Chip Minton

Medal record

Bobsleigh

World Championships

= Chip Minton =

American bobsledder and wrestler (born 1969)

Nathan Chip Minton III (born June 9, 1969) is an American former bobsledder and former professional wrestler for World Championship Wrestling. He is best known for his participation in the Winter Olympics in 1994 and 1998, where he represented the United States' bobsleigh team.

==Early life==
After graduating from high school, Minton began working as a prison guard near his hometown of Macon in Georgia. During his time as a prison guard, he also worked as a bodybuilder before he began training for a career in bobsleigh after becoming interested in the sport due to seeing Herschel Walker's performance in the 1992 Winter Olympics. In addition to his bobsleigh training, Minton also began training at World Championship Wrestling's Power Plant wrestling school for a career in professional wrestling.

==Career==

===Bobsleigh===

While still working as a prison guard, Minton was invited to an Olympic bobsleigh training camp in 1993 in Calgary, Alberta, Canada, during which time he crashed twice. After completing his training, Minton participated in the 1994 Winter Olympics, where he and Jim Herberich finished fourteenth overall in the two-man event. Following the Olympics, Minton quit his job as a prison guard in order to fully concentrate on his careers as a bobsledder and professional wrestler. At the 1997 FIBT World Championships in St. Moritz, Minton was successful in winning the bronze medal in the four-man event alongside Brian Shimer, Randy Jones, and Robert Olesen. Following his unsuccessful run in the previous Winter Olympics, Minton gained the best finish of his Olympic career as he, Shimer, Jones and Garreth Hines finished in fifth overall in the four-man event at the 1998 Winter Olympics.
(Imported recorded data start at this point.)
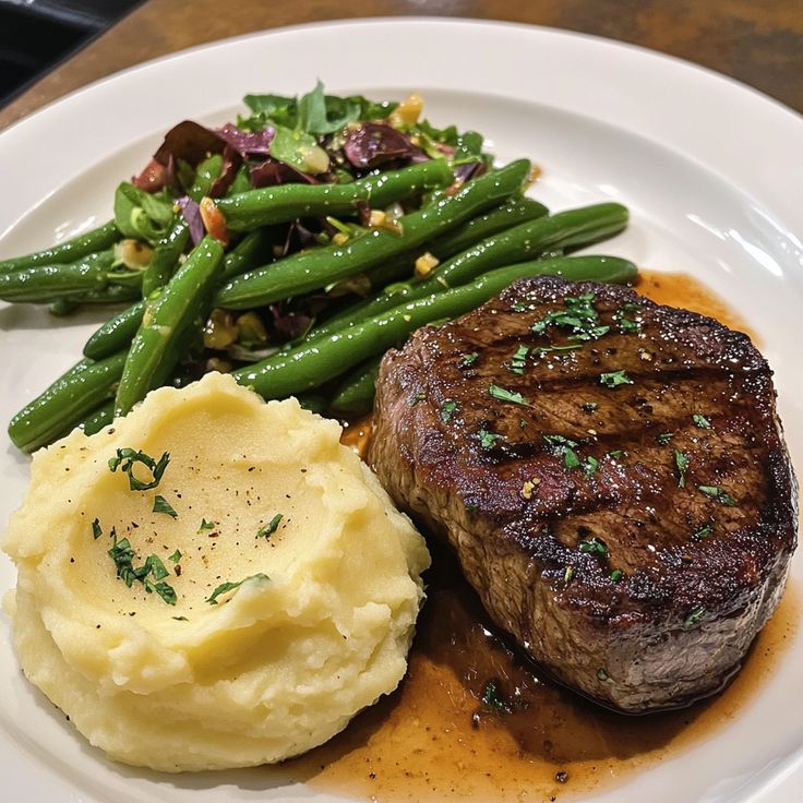 ✔️ Het ultieme comfortfood – Aardappelpuree vormt een gladde en smaakvolle basis voor malse stukjes biefstuk.
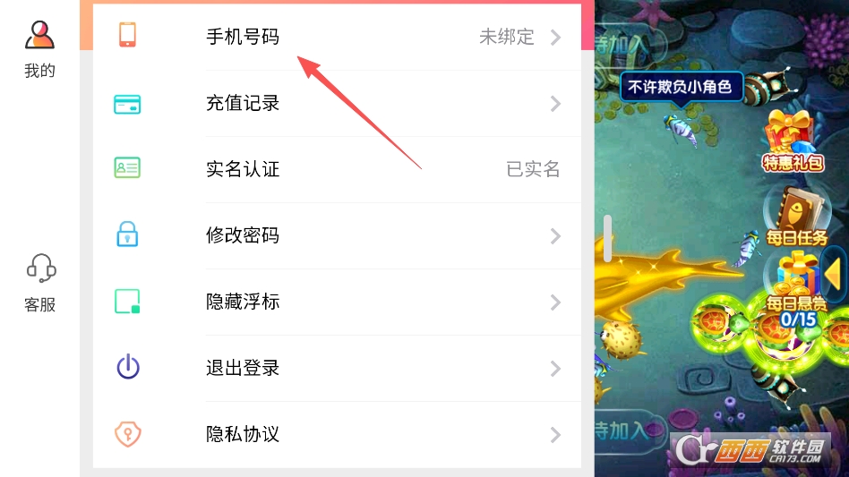 点击打开菜单,找到第一个选项就是绑定账号
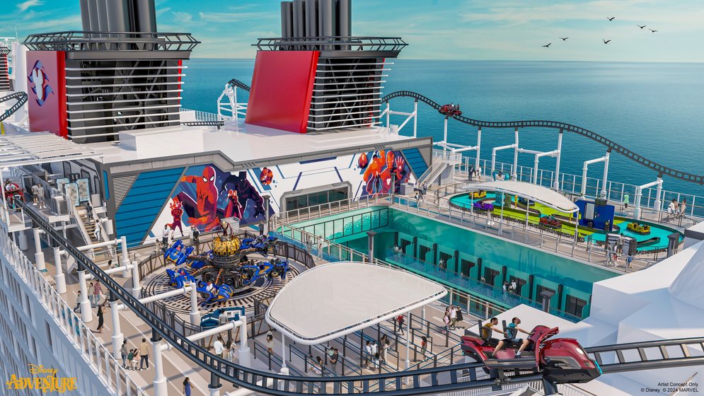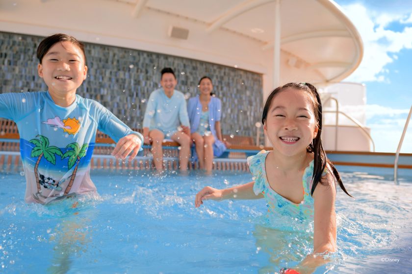 踏上迪士尼探险号的上层甲板,来到Toy Story Place。这里设有家庭泳池、多个按摩池以及一系列水上游乐设施,例如Flying Saucer Splash Zone、专为小朋友们打造的Toy Story Splash Pad,以及Woody and Jessie’s Wild Slides。日光甲板和观景台上设有充裕的座椅,另有两个超大屏幕,全天候放映迪士尼电影及知识问答等精彩内容,以供宾客放松身心。
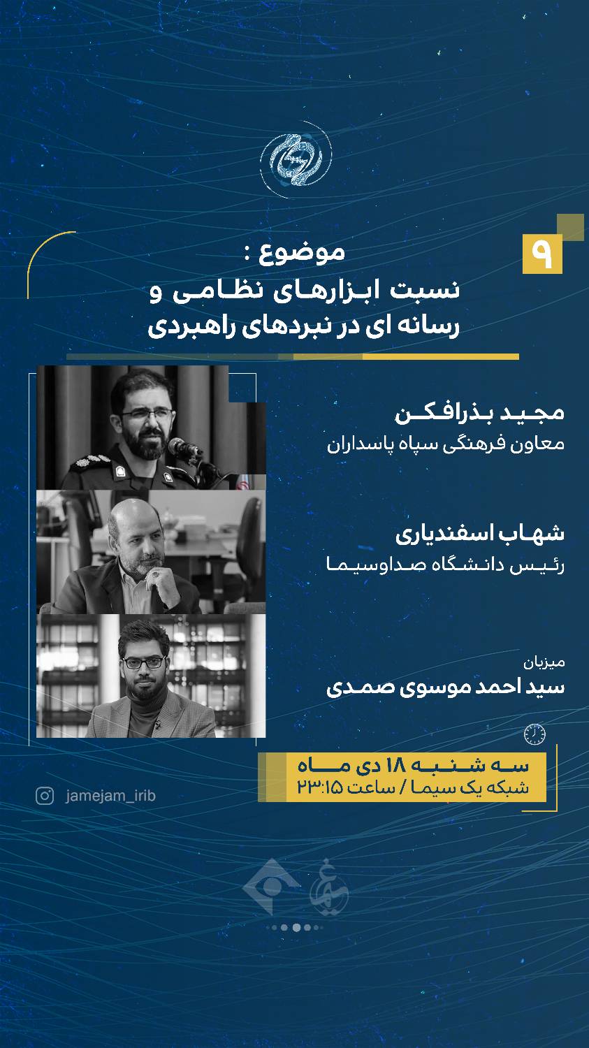 ورود «جامجم» به ماجرای نسبت ابزارهای نظامی و رسانهای در نبردهای راهبردی امشب «جامجم» موضوع نسبت ابزارهای نظامی و رسانهای در نبردهای راهبردی بنابر تأکید رهبر انقلاب در پیامشان به نشست افق تحول رسانه ملّی داشتند را در دستور کار خود قرار داده است. سه شنبه 18 دی 1403 ادامه...
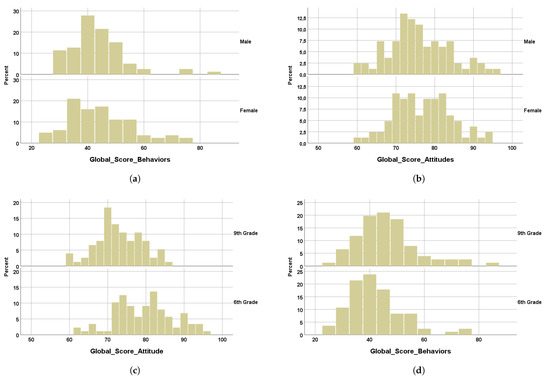 In Figure 9a,c the distribution of the global scores attained for attitudes by grade are represented, and concerning both significant differences were observed (global behavior: t = −2.731, p = 0.007; global attitude: t = 6.035, p < 0.001), and it can be observed that students of 6th grade showed to have higher positive attitudes and behaviors. This fact may infer the need to invest more in cyberawareness in the 9th grade students. The fact that these students have more information and apparently have more experience with the electronic devices and digital applications may give them a more relaxing attitude regarding cyberawareness.
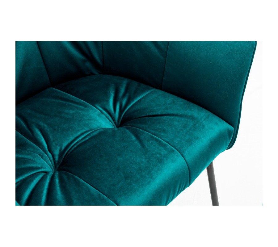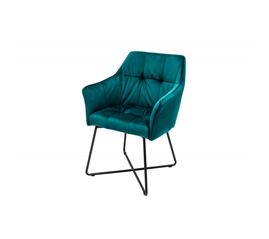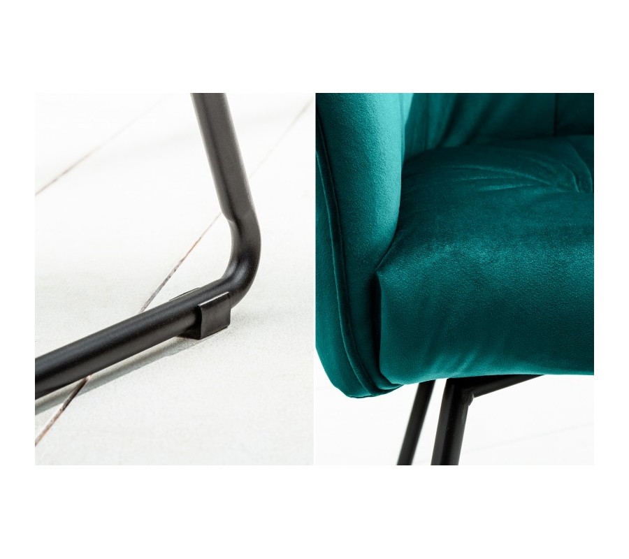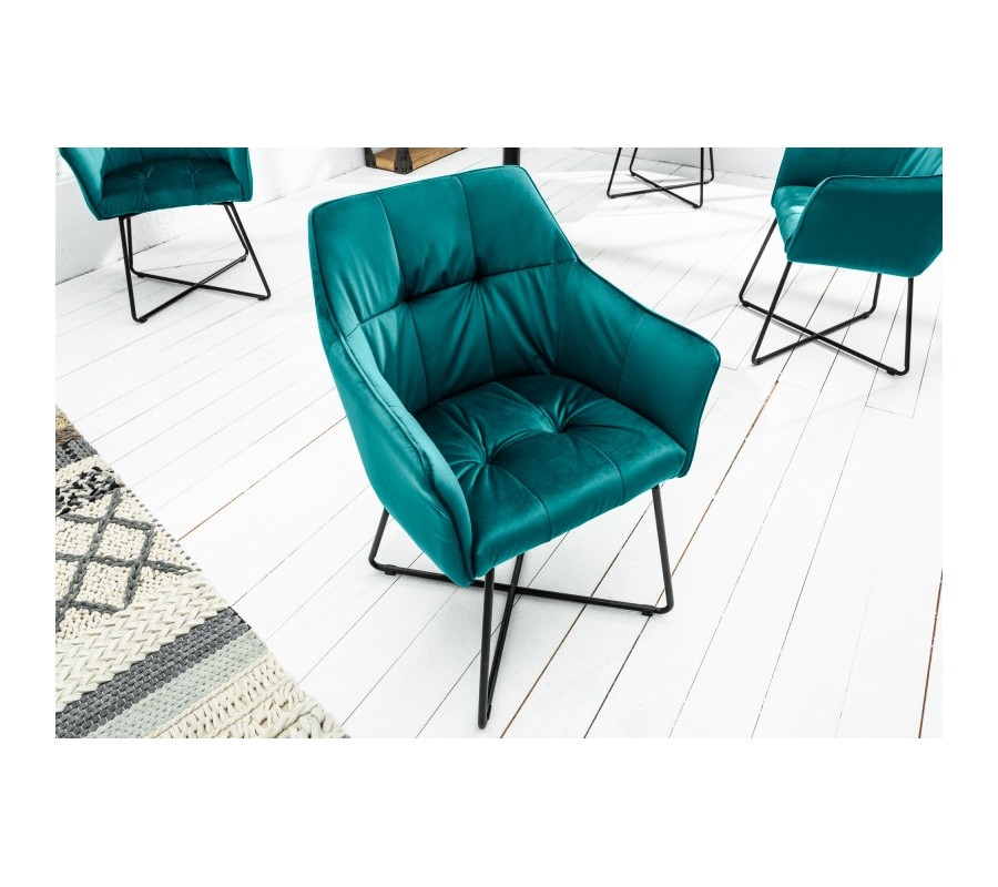 Štýlová jedálenská stolička Amala už na prvý pohľad zaujme svojím výrazným tyrkysovým čalúnením zo zamatu. Stolička tak získava štýlový vzhľad a zároveň sa postará o váš dokonalý komfort. Okrem príjemného poťahu k vášmu pohodliu prispeje aj tvarované operadlo a podrúčky. Jednoduché prešívanie na operadle dodáva stoličke elegantný vzhľad. Výrazné čalúnenie dopĺňajú jednoduché križujúce sa čierne kovové nohy, ktoré dotvárajú moderný efekt. Stoličky Amala vhodne zapadnú do moderne alebo industriálne ladených jedální. Skvelú kombináciu vytvoria napríklad s masívnym jedálenským stolom s kovovými nohami a ďalšími kovovými prvkami.
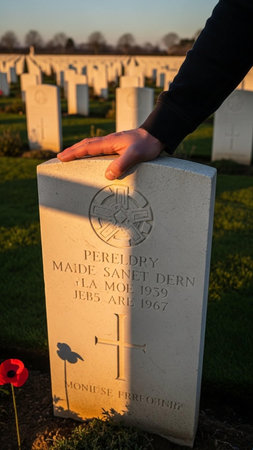 Tombstone Adorned with Red Flowers at Sunset, Evoking Themes of Remembrance and Loss.
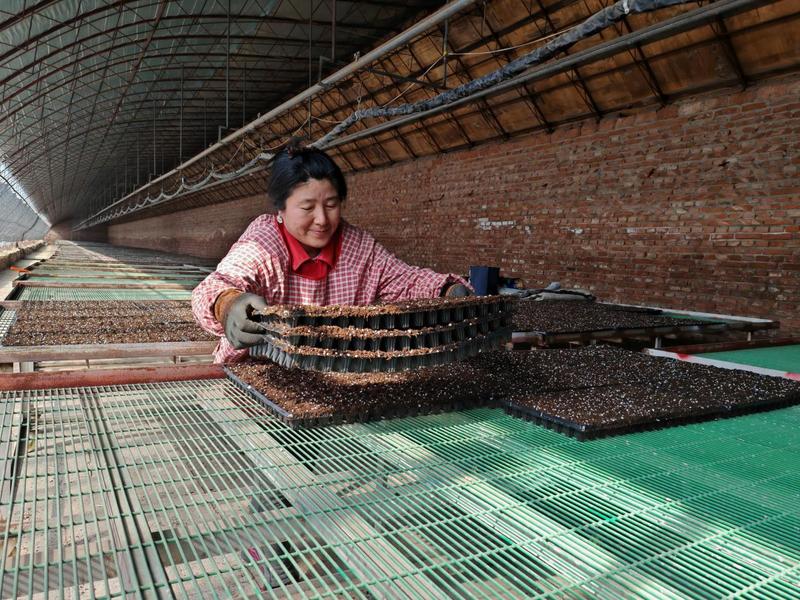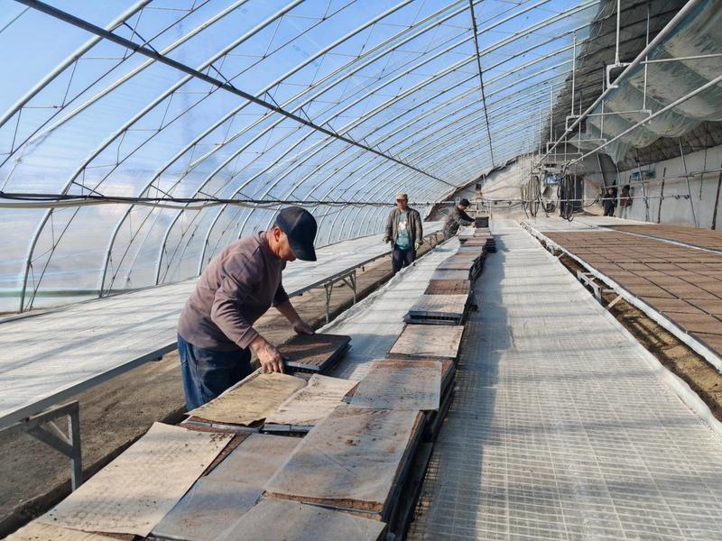 工人们将点好籽的穴盘放在育苗床上(高冰婵 摄)
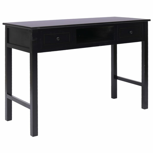 Made of quality paulownia and poplar wood, this desk is sturdy and durable. It features 2 drawers and 1 open compartment in the middle for keeping your files and other home office essentials organized and within easy reach.
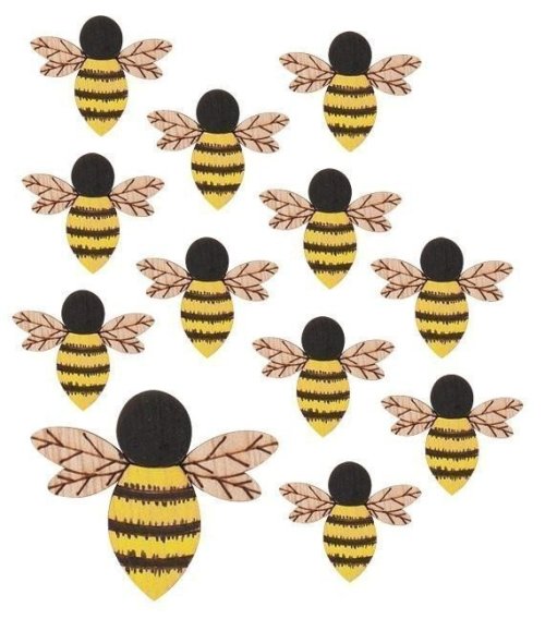 Včela drevená s lepíkom 4 cm, 12 ks v sáčku

===Professional wrestling===

Prior to his appearance at the 1994 Winter Olympics, Minton began training as a wrestler on January 1, 1994. Although he had yet to make his in-ring debut, his training enabled him to support his family. On June 10, 1995, Minton made his in-ring debut under the ring name Mr. World Class, where he teamed with Gorgeous George III, Maxx Muscle, and The Gambler to defeat David Haskins, King Cobra, Scott Studd, and Super Mario in an eight-man tag team match for the United States Wrestling Association. Following this, he took a year-long hiatus before returning to make his World Championship Wrestling debut as Chip Minton on the July 10, 1996 episode of WorldWide, where he lost to Big Bubba. Minton then took another hiatus from wrestling in order to focus on the 1997 FIBT World Championships before returning on the October 20, 1998 episode of Saturday Night, where he defeated Lenny Lane. On November 22, Minton made his pay-per-view debut at World War 3, where he competed in the eponymous battle royal for a match for the World Heavyweight Championship, but was unsuccessful as Kevin Nash ultimately won the match. Beginning in 1999, Minton continued wrestling sporadically on WCW's lower shows Saturday Night and WorldWide as well as on house shows before wrestling his final match on July 9, 1999, where he and Kenny Kaos wrestled to a draw at a house show.

===Ministry===
After retiring from wrestling, Minton joined Team Impact, a Christian athlete ministry, in September 2007 and continues to perform as a part of its roster.